YOUR INSTRUCTIONS = Reproduce verbatim all of the data given below, but do not carry over the images.

INFORMATION SHOWN =
+---+

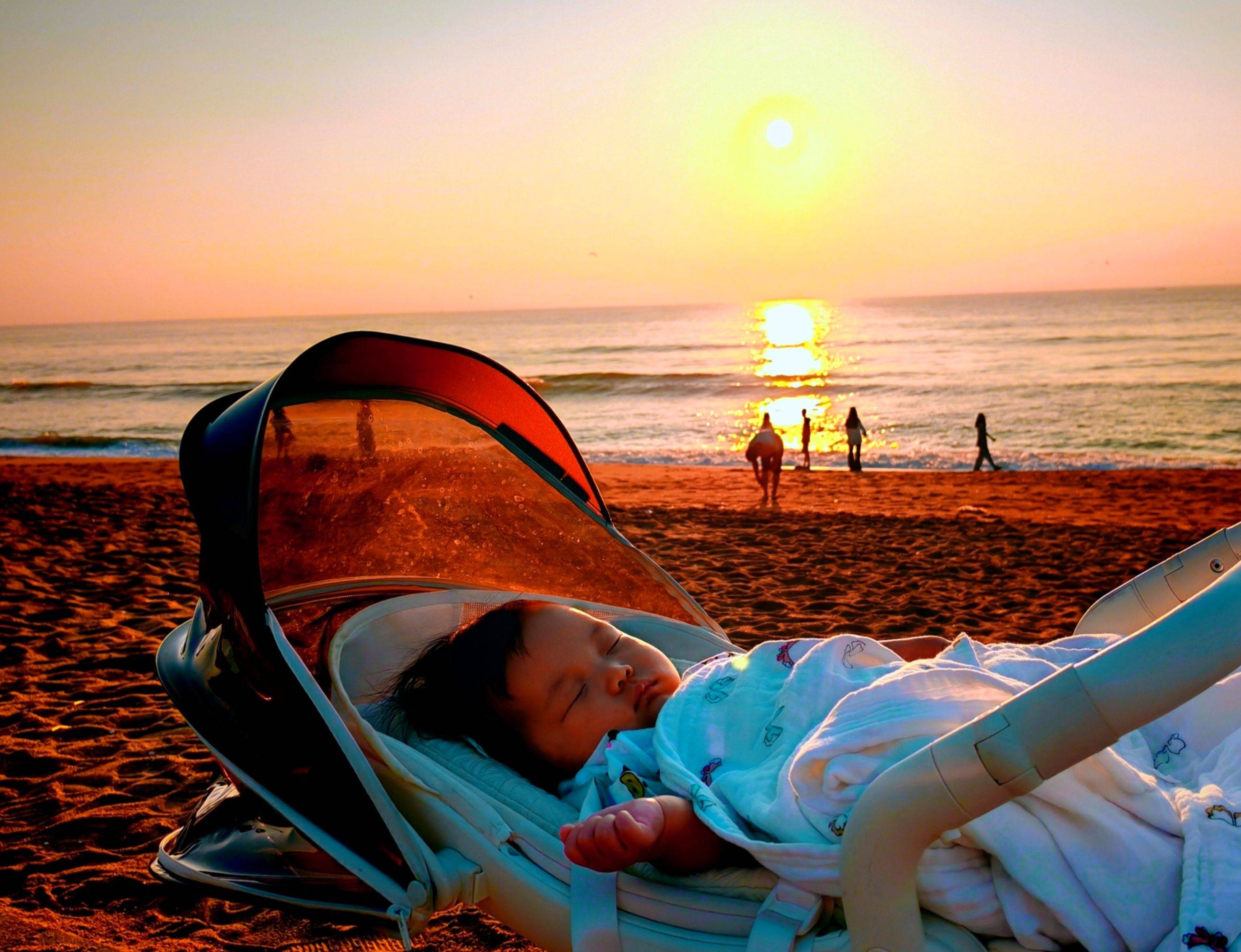 日照的日出,是一帧令人过目不忘的油画。这油画里有一幅特写,美得像一朵含苞欲放的茉莉花:岸堤上,一辆小巧的手推车,靜静歇在一旁。一位熟睡的婴儿正沐浴在早霞中,那么安详甜美,像一把小提琴演奏着童年的梦。我举起相机,留下这唯美的瞬间。
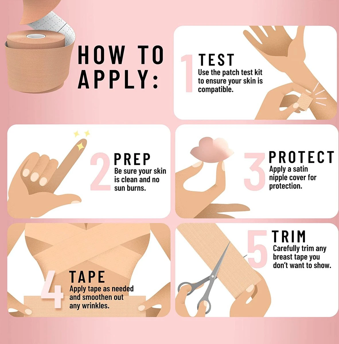 Onze boob tapes voor vrouwen bieden een sterke, waterdichte tape die de hele dag mee kan! Onze boob tape voor borstlifting is flexibel, dus je moet je geen zorgen maken dat het loskomt. Vermijd ongemakkelijke bandjes en laat je lichaam doen wat je wilt, terwijl je kleding en borsten op hun plaats worden gehouden!
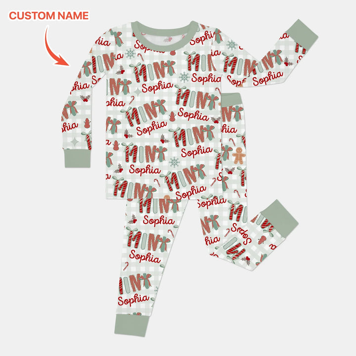 Custom Name Mama Mini Matching Christmas Two Piece Long Sleeve Pajama Set (Green)
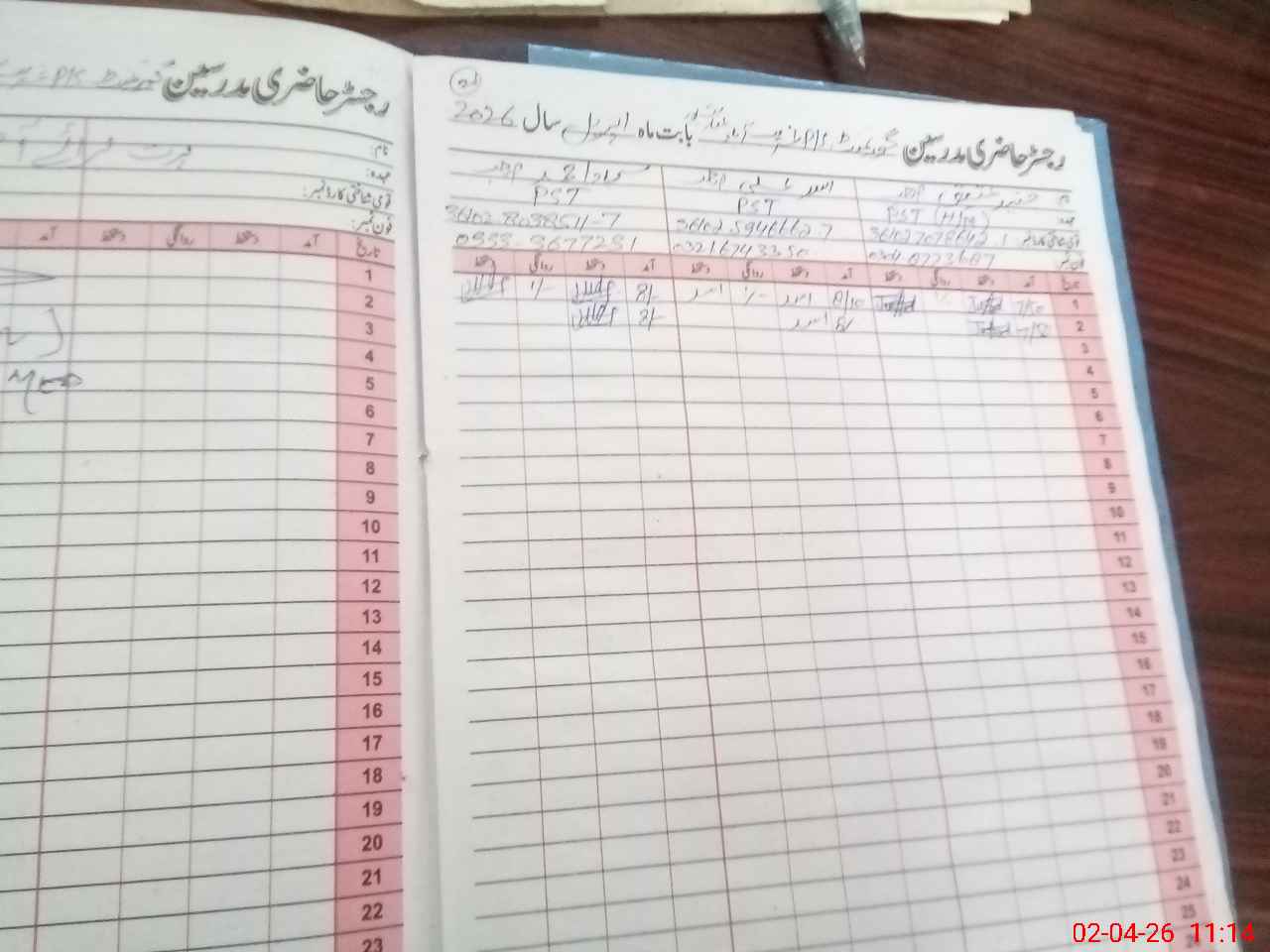| CNIC | Full Name | Designation | R/C | Absence During Last Calender Month |

+---+

EXERCISE RESPONSE =
 日照的日出,是一帧令人过目不忘的油画。这油画里有一幅特写,美得像一朵含苞欲放的茉莉花:岸堤上,一辆小巧的手推车,靜静歇在一旁。一位熟睡的婴儿正沐浴在早霞中,那么安详甜美,像一把小提琴演奏着童年的梦。我举起相机,留下这唯美的瞬间。
 Onze boob tapes voor vrouwen bieden een sterke, waterdichte tape die de hele dag mee kan! Onze boob tape voor borstlifting is flexibel, dus je moet je geen zorgen maken dat het loskomt. Vermijd ongemakkelijke bandjes en laat je lichaam doen wat je wilt, terwijl je kleding en borsten op hun plaats worden gehouden!
 Custom Name Mama Mini Matching Christmas Two Piece Long Sleeve Pajama Set (Green)
| CNIC | Full Name | Designation | R/C | Absence During Last Calender Month |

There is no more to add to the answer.